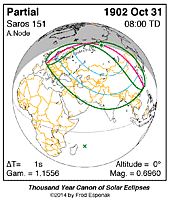 | 1902 Oct 31 | 08:00:17 | Partial | 151 | 0.696 | - | c Asia, e Europe |
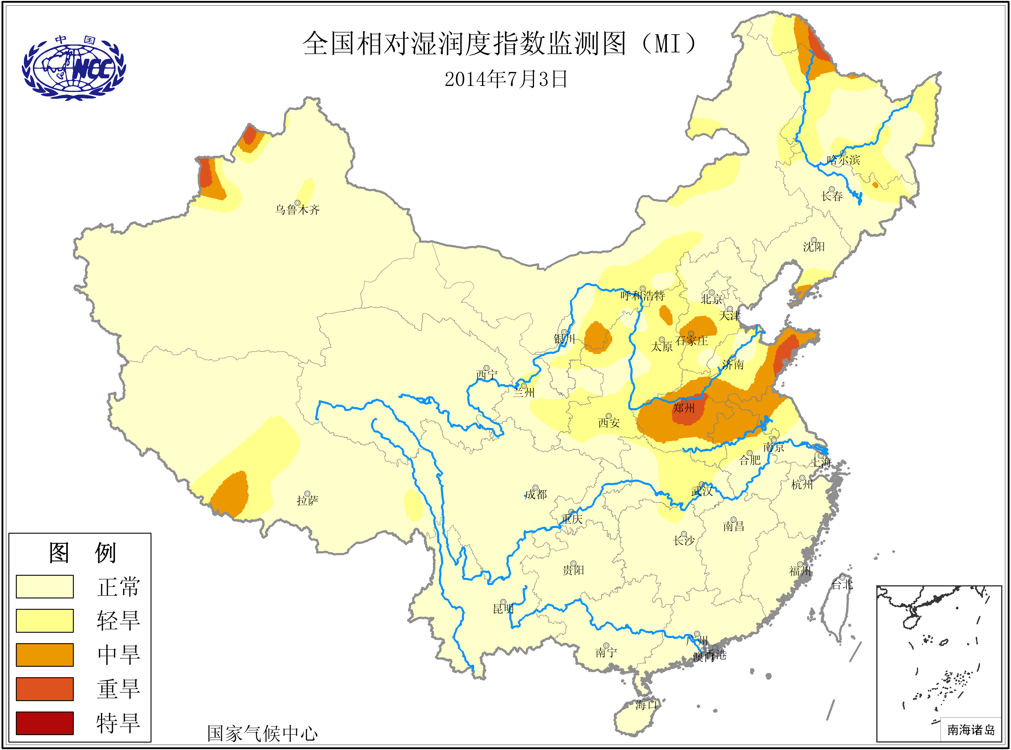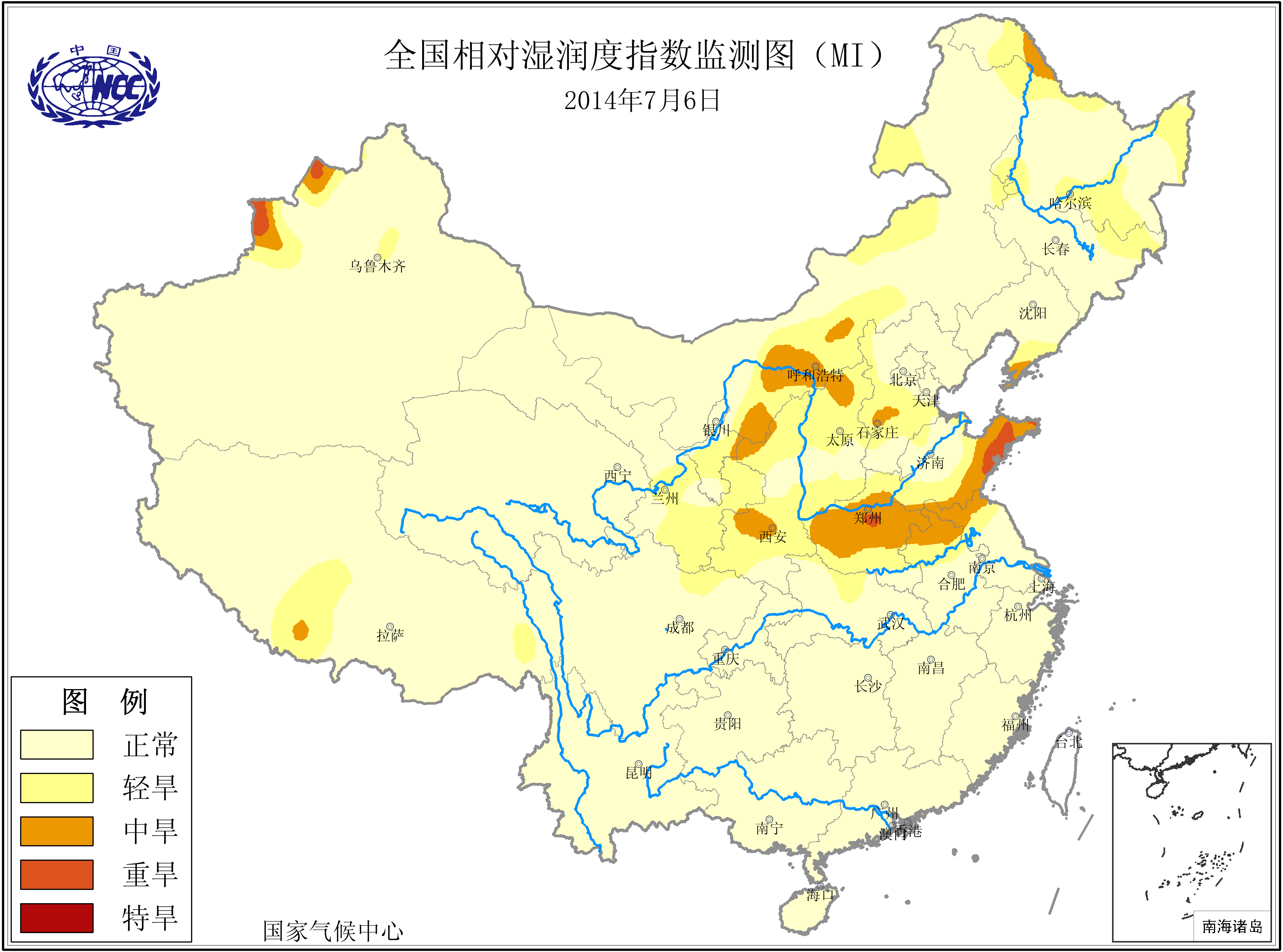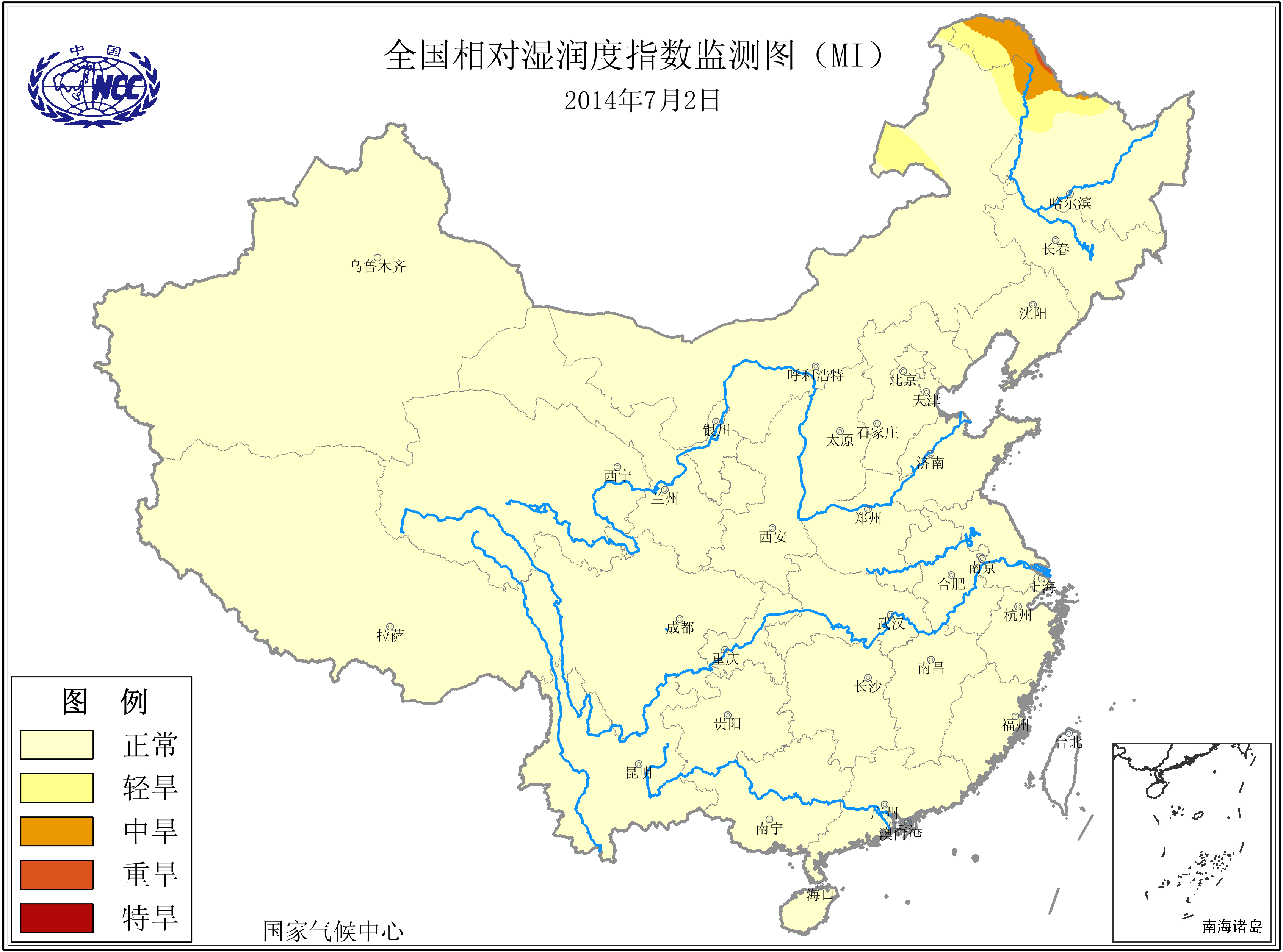 [中国](高分辨率):中国旱涝监测   [亚欧]:亚欧旱涝指数   [全球]:全球旱涝指数   [旱涝指数]:指数文件   [SPI]:SPI指数   [降水]:降水距平百分率   [土壤]:土壤相对湿度   [公报]:中国旱涝气候公报
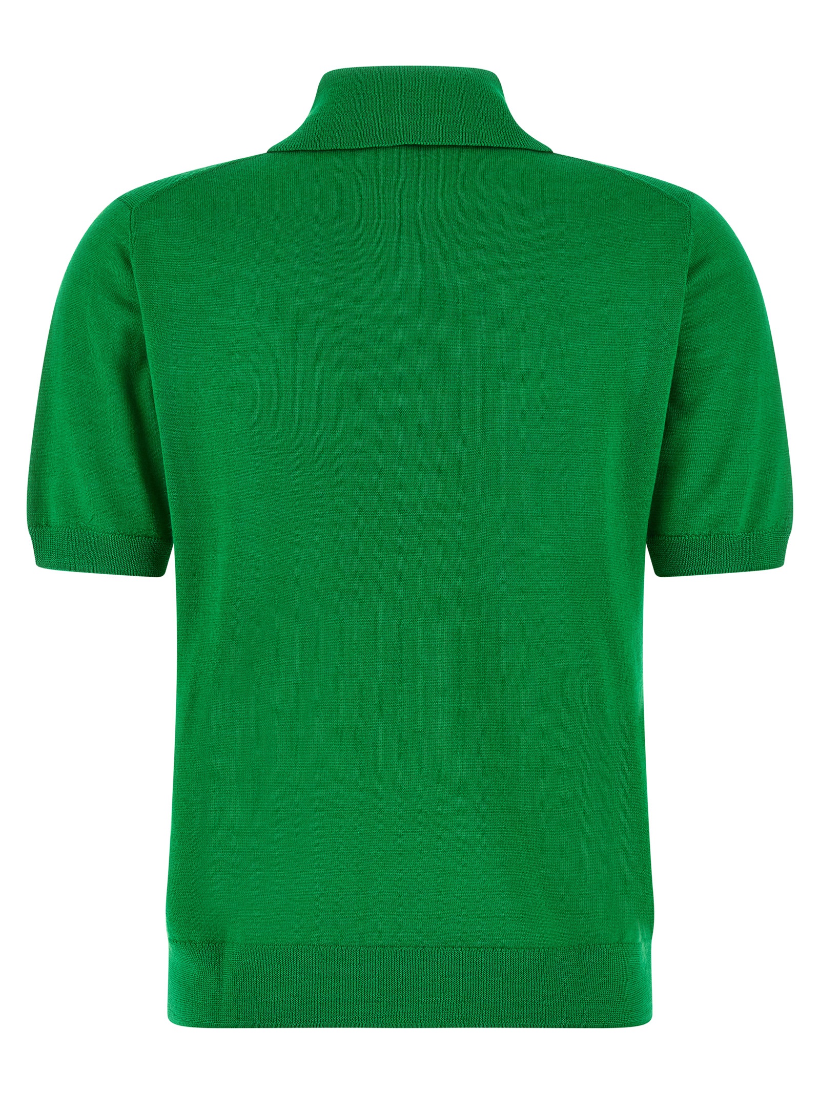 'Linfa26' polo shirt in wool, silk and light cashmere blend, collar and buttons, pockets, short sleeves with cuffs, and band on the hem.
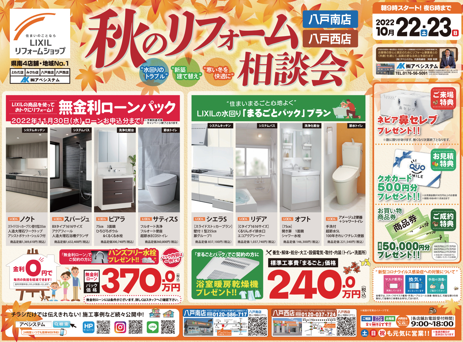八戸南店・八戸西店にて『秋のリフォーム相談会』を開催します♪
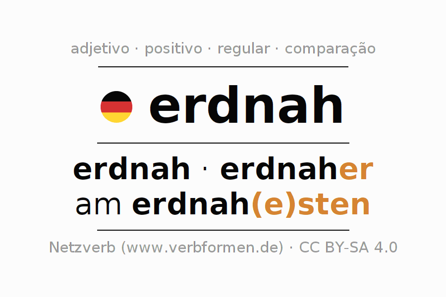 A declinação do adjetivo erdnah (próximo da Terra, próximo da terra) utiliza as seguintes formas de comparação erdnah,erdnaher,am erdnahesten. As terminações para o comparativo e o superlativo são er/esten. O adjectivo erdnah pode ser utilizado tanto como atributivo antes de um substantivo ou como predicativo junto com um verbo.Não se pode flexionar e comparar somente o adjetivo erdnah, mas sim todos os adjetivos em alemão. Comentários ☆
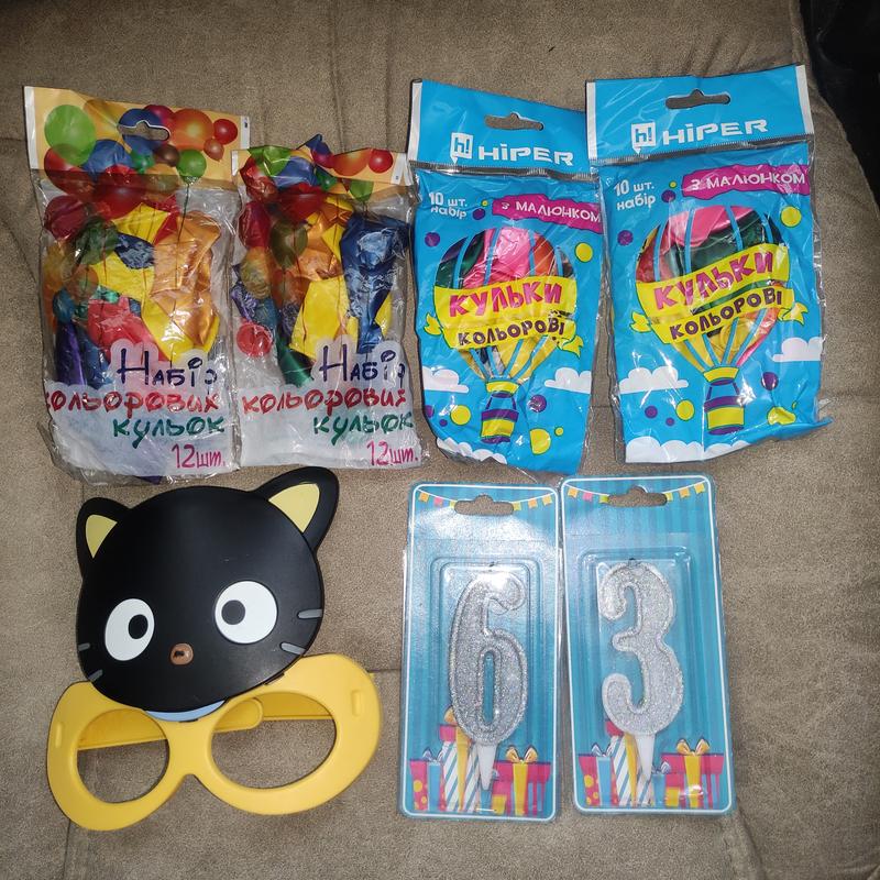 Очки 3 котик.шарики 44 штуки новые (2 набора с рисунком,2 набора без рисунка).отдам,если нужны свечки немного бу 3 и 6..Цена за все состояние хорошее.смотрите другие мои объявления.
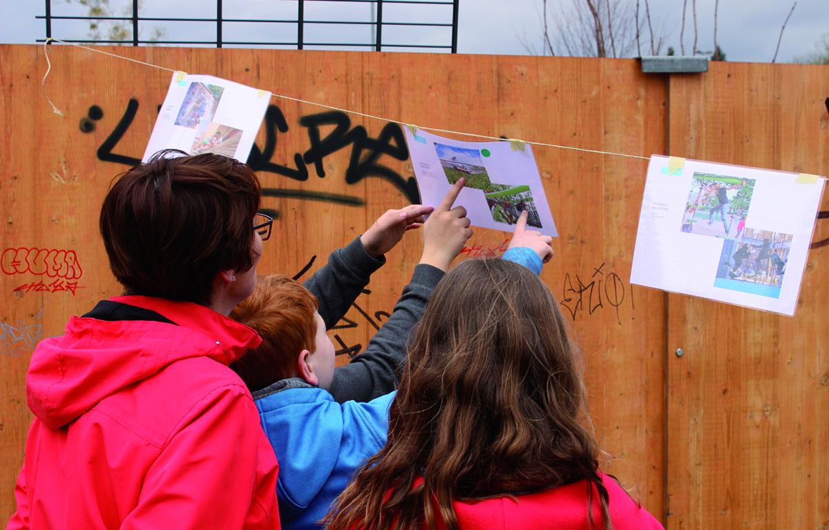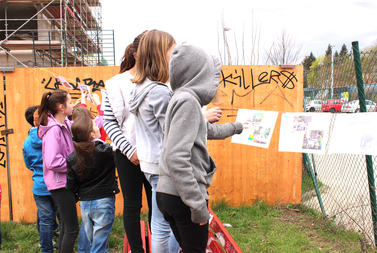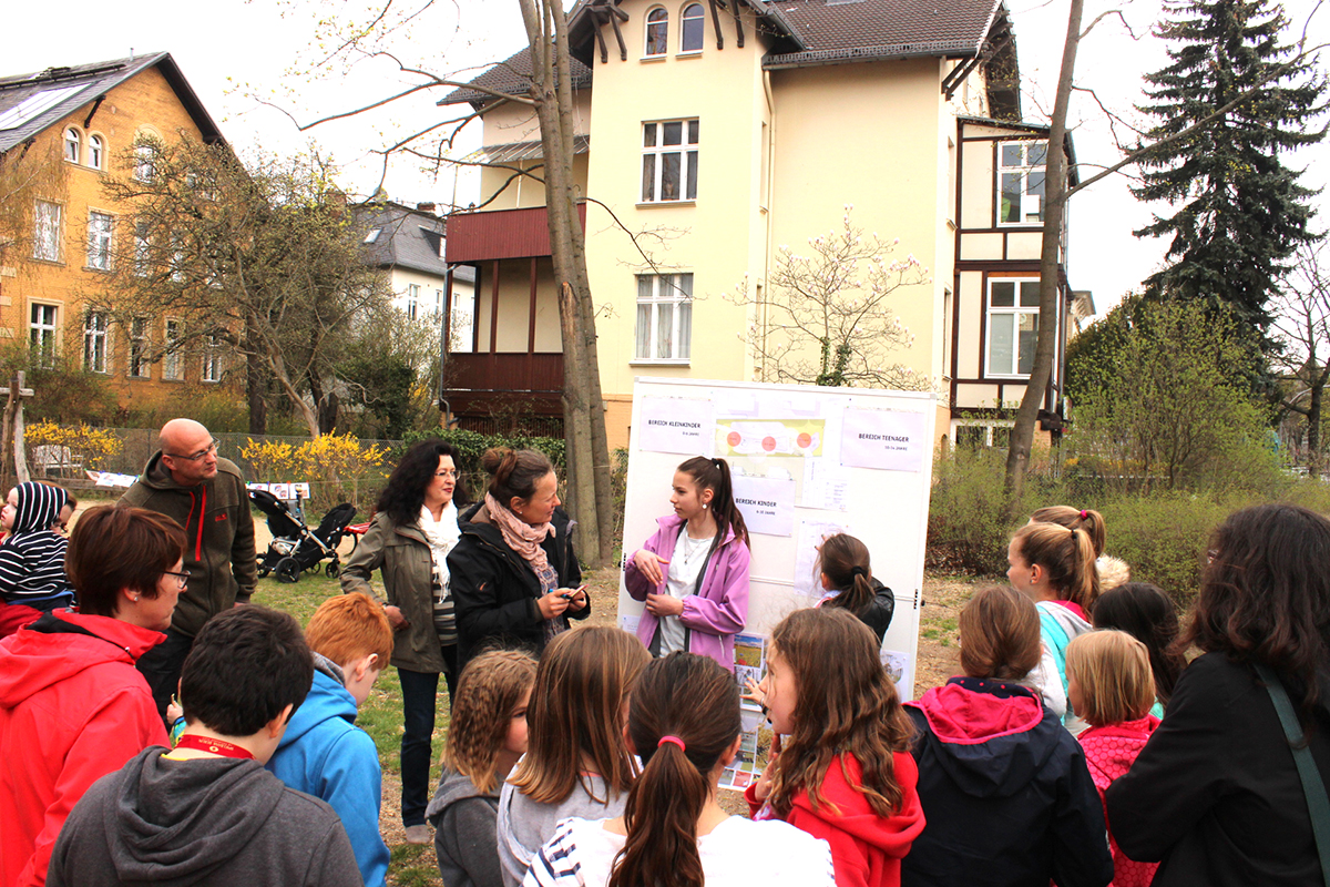 In einer ersten Phase des Partizipationsverfahrens konnten durch eine Plakataktion Anwohner, Kinder sowie die Garten-AG der benachbarten Grundschule mobilisiert und für die Mitgestaltung des künftigen Spielplatzes gewonnen werden.
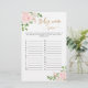 Papier Blush floral nom race baby shower jeu
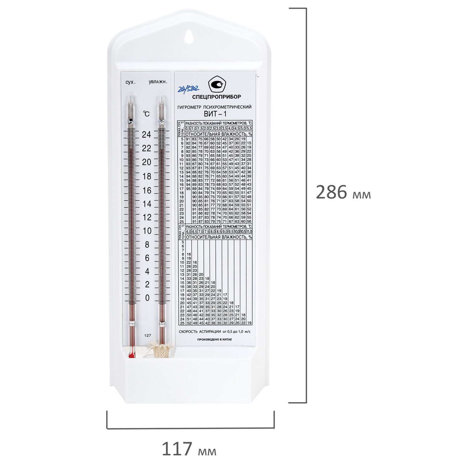 Гигрометр психрометрический ВИТ-1 с поверкой РФ, диапазон: от 0 до +25 °С, ПТЗ ш/к 32600
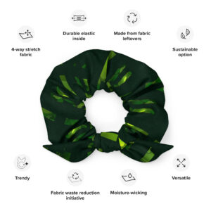 Whether you’re simply looking to tuck back your hair, or purposefully accessorizing your outfit, this stylish scrunchie is a handy little helper and, since it’s made from mostly recycled materials, it’s helpful to the planet as well!
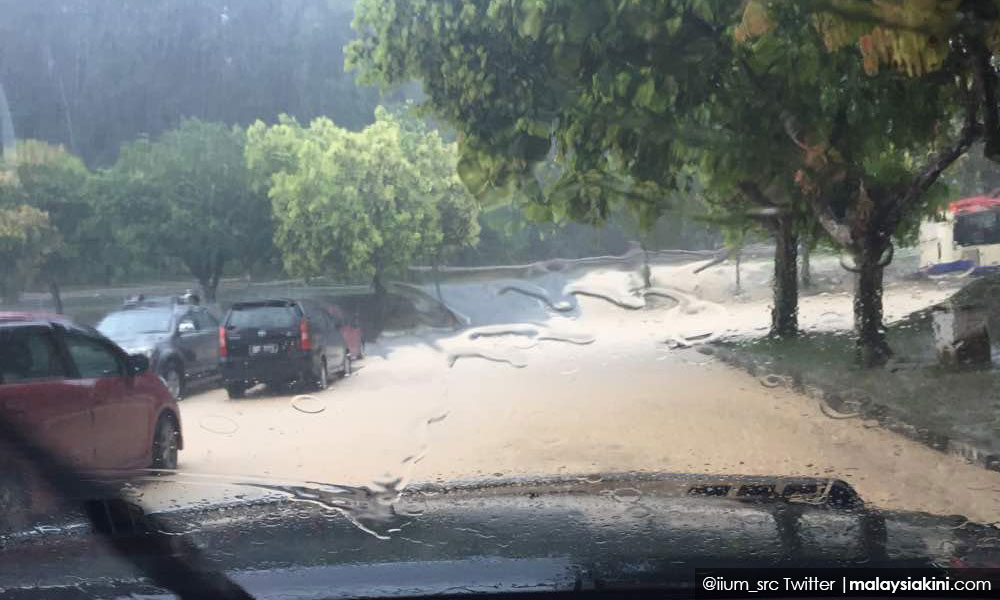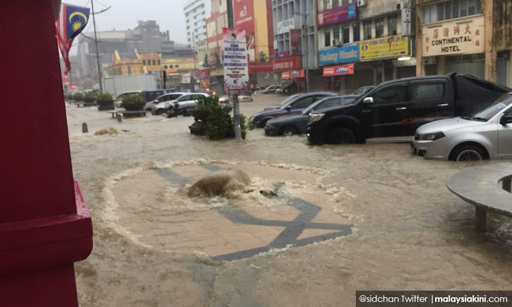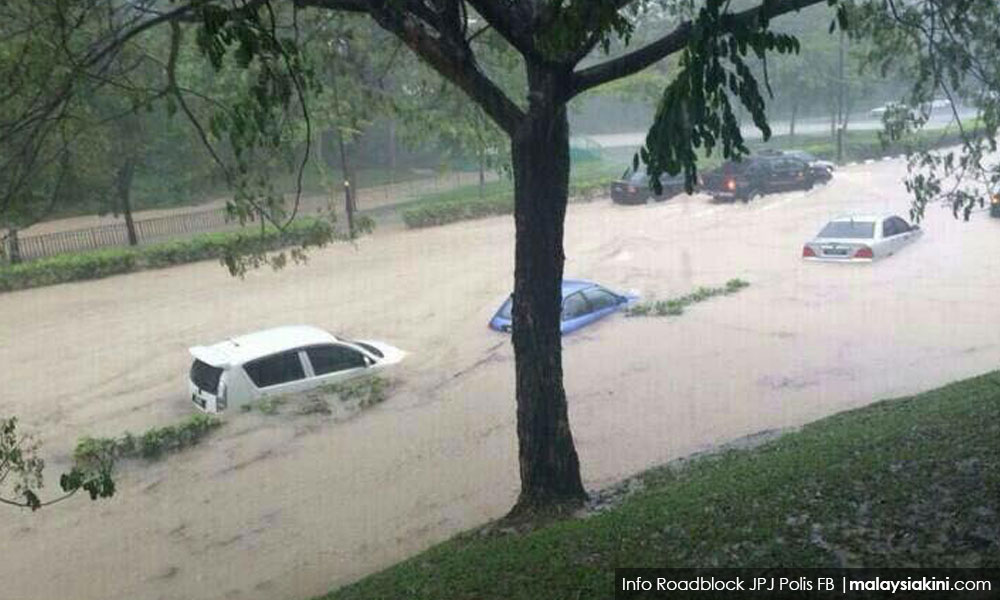 “Hujan lebat yang turun sejak 4 petang menyebabkan kawasan perumahan ini dilanda banjir kilat dan antara faktor lain ialah hakisan tebing sungai akibat penyelenggaraan tidak sempurna.

--------

> Exercise: Skipping the pictures, print the lines in the listing above exactly as written, starting at the line with "八戸南店・八戸西店にて『秋のリフォーム相談会』を開催します♪" and ending at the line with "Гигрометр психрометрический ВИТ-1", both included.

> Task response:
八戸南店・八戸西店にて『秋のリフォーム相談会』を開催します♪
 A declinação do adjetivo erdnah (próximo da Terra, próximo da terra) utiliza as seguintes formas de comparação erdnah,erdnaher,am erdnahesten. As terminações para o comparativo e o superlativo são er/esten. O adjectivo erdnah pode ser utilizado tanto como atributivo antes de um substantivo ou como predicativo junto com um verbo.Não se pode flexionar e comparar somente o adjetivo erdnah, mas sim todos os adjetivos em alemão. Comentários ☆
 Очки 3 котик.шарики 44 штуки новые (2 набора с рисунком,2 набора без рисунка).отдам,если нужны свечки немного бу 3 и 6..Цена за все состояние хорошее.смотрите другие мои объявления.
 In einer ersten Phase des Partizipationsverfahrens konnten durch eine Plakataktion Anwohner, Kinder sowie die Garten-AG der benachbarten Grundschule mobilisiert und für die Mitgestaltung des künftigen Spielplatzes gewonnen werden.
 Papier Blush floral nom race baby shower jeu
 Гигрометр психрометрический ВИТ-1 с поверкой РФ, диапазон: от 0 до +25 °С, ПТЗ ш/к 32600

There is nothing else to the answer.